Chaos engineering is the discipline of intentionally injecting failures into production systems to discover weaknesses before they cause outages. The premise: distributed systems fail in unexpected ways, and the only way to know how a system behaves under failure is to test it. A well-designed chaos engineering practice transforms unknown unknowns (failures you don’t know can happen) into known knowns (failure modes you understand and have mitigated).
The Chaos Engineering Hypothesis
Every chaos experiment starts with a hypothesis: “We believe that the payment service will continue to process orders even if the inventory service is unavailable, because we have implemented a circuit breaker and graceful degradation.” The experiment either validates the hypothesis (the system behaved as expected) or falsifies it (a new weakness is discovered).

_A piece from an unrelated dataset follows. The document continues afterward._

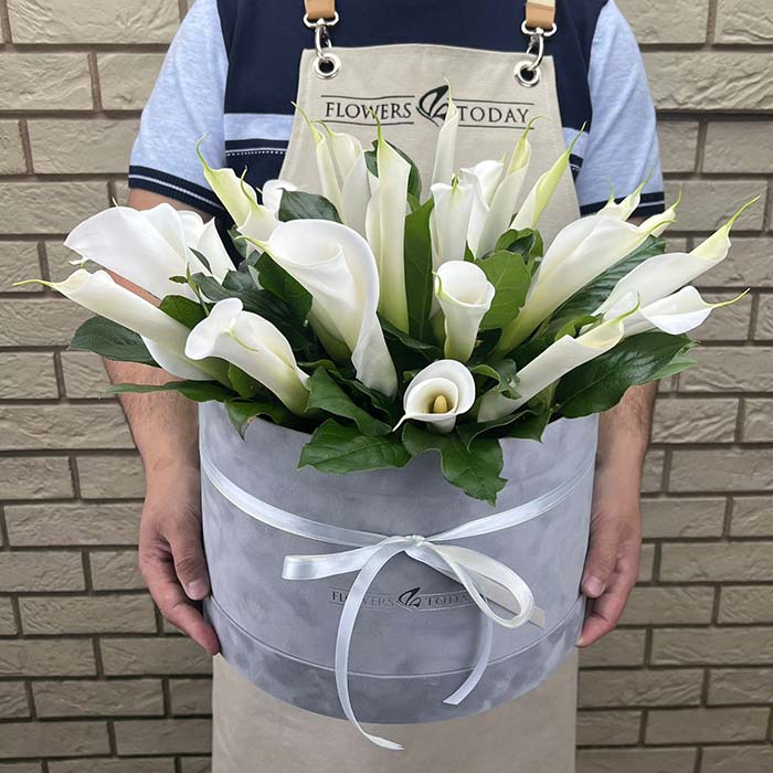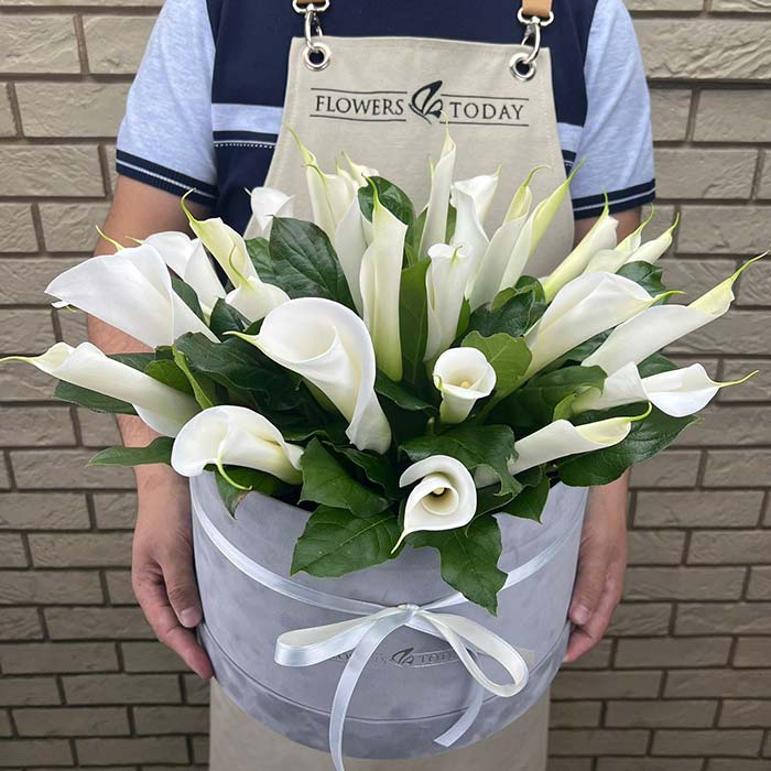 Букет №7215 «Белые каллы в коробке»

Chaos engineering is not random destruction — it is controlled scientific experimentation.
Experiment Design
Define Steady State
Before introducing chaos, define what “normal” looks like: p99 latency < 200ms, error rate 99.5%. These are the metrics you will monitor during the experiment. If the experiment causes steady state to deviate beyond acceptable bounds, the abort condition triggers and chaos injection stops. Steady state metrics come from your monitoring system — if you don’t have reliable metrics, run chaos engineering last (fix observability first).
Failure Injection Methods
Network failures: packet loss, latency injection, network partition between specific services. Tools: tc (Linux traffic control), Toxiproxy (proxy that adds configurable network conditions), AWS Fault Injection Simulator.
Process failures: kill a process, crash a container, trigger OOM. Kubernetes: delete pods randomly (Chaos Monkey, Chaos Mesh). Simulate: unavailable service instances during rolling deployments.
Resource exhaustion: CPU spike (CPU-burn), memory pressure (memory-hog), disk full, file descriptor exhaustion. Identifies services that fail ungracefully under resource pressure.
Dependency failures: inject errors into database calls (500ms latency, 50% error rate), make a third-party API return 503. Validates that circuit breakers and fallbacks work as designed.
Blast Radius Control
Start small and expand: begin with a single container in a staging environment, then a single availability zone in production, then multiple AZs. Always define the blast radius before starting: which services are affected, what percentage of traffic is impacted, what the abort condition is. Never run chaos experiments on your primary database without extensive preparation. Use feature flags to enable/disable chaos injection without deployment.
GameDay Practice
A GameDay is a scheduled chaos experiment where the on-call team runs planned failure scenarios and observes the system’s response. Format: 2-4 hours, pre-defined scenarios (AZ failure, dependency outage, traffic spike), live monitoring, team observes and responds as if it were a real incident. The goal is not just to test the system but to test the team’s incident response: Can they detect the failure? How quickly? Do runbooks work? Is on-call tooling effective? GameDays build muscle memory and expose gaps in both systems and processes.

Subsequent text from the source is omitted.